Some seek out a new church hoping to find a community where they can feel the reassurance of nice people who they enjoy being around. Others focus more on pursuing a spiritual confirmation about the truth of the principles taught. Some may be drawn to the church for its reputation of providing support in times of need. Perhaps the greatest value this book held for me was the ways in which it prompted me to take a closer look at my own motives for my involvement with my church family. Reading this book served as a catalyst for me to re-examine what the source of my own commitment to my faith is. Beyond that, it was a reminder to me about the importance of being open and supportive toward those who may come to investigate our faith. Because, as the prophet Gordon B. Hinkley taught us, one of the first things all new members need to feel welcome in church is to have a friend.

If you are looking for a fast read for the holidays, you can purchase this book HERE

Sunday, December 19, 2010

I see you

One of my all time favorite movies is Avatar...the James Cameron blockbuster. The most compelling line from the whole movie to me is "I see you" which among the people of the Na'vi means so much more than I see you standing there in front of me. It is their ways of acknowledging the other person on a far more comprehensive level.

As I understand it, it is closer to the common greeting in India of Namaste or Namaskar. "In India, the common greeting Namaskar or Namaste is no simple Hello. When one says Namaskar to someone, what it means is that he/she acknowledges the spark of the divine that is present inside them. Hinduism believes that God is an all-pervading force that envelopes all beings and things." (from Vimho's World)
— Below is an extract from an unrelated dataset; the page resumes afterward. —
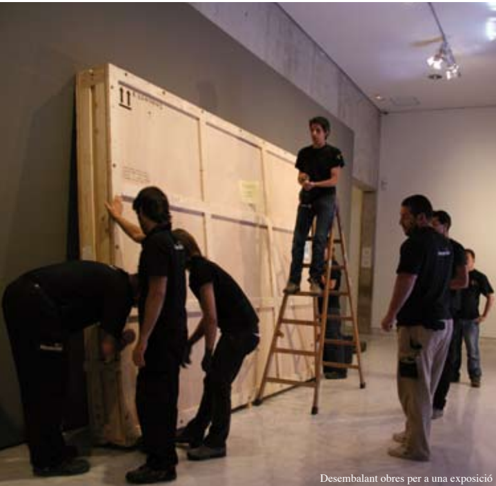
Desembalant obres per a una exposició

While I was mostly impressed how incredibly visually stunning the movie Avatar was, I also liked a lot of the features Cameron built in to the Na'vi, this being one of them.

This has given me room to consider the extent to which any of us can truly know another person and to ponder how much I want to be known. At times I hunger for authentic connection with others. Yet at the same time I have long standing pattern of remaining somewhat guarded, not feeling comfortable with too much exposure of my private self.

I can talk about what I THINK until the cows come home. Matters of intellect and philosphy are pretty safe ground. Being open about how I FEEL is another matter entirely. I can be pretty darned selective in who I choose to be open with about my emotions.

To what extent do you truly see others? To what extent do you allow yourself to be seen?

Saturday, December 04, 2010

Seasons of Life

As I sit looking out the window looking at the snow coming down I am mindful that there is beauty in every season of life. While I may long for warmer days and miss my lush green yard with all its flowers, it is only because the ground freezes and we get a cold season that many of my dormant bulbs will be able to bloom well come spring.

I'm trying to learn to go with the flow more in my life, learn to accept the ups and downs, shifts and transitions that come my way with a bit more equanimity.

I recently shared the story of The Precious Present by Spencer Johnson with a friend of mine. It's a tale worth remembering as I work at letting go of worry over what has been or what might be.

Change is inevitable. I'm hoping I can be more open to welcoming whatever life lessons come my way, even those that are not packaged in the color or style I would have chosen.

What I am learning is there is a distinct difference between pain and suffering.
Pain is inevitable. Suffering, however, is optional. I've come to believe that regardless of how much pain the world may dish out at me, whether or not I will suffer with it will be based on how I define and relate to painful experiences.

Lately I've been re-reading Victor Frankl's "Man's Search for Meaning" I remember the basic story pretty well from when I read it many years ago. But because my life is in a very different place now I find I'm discovering all sorts of different layers to it this time around.

Sometimes life hurts. Learning to choose joy even in the midst of that hurting is a challenge worth mastering.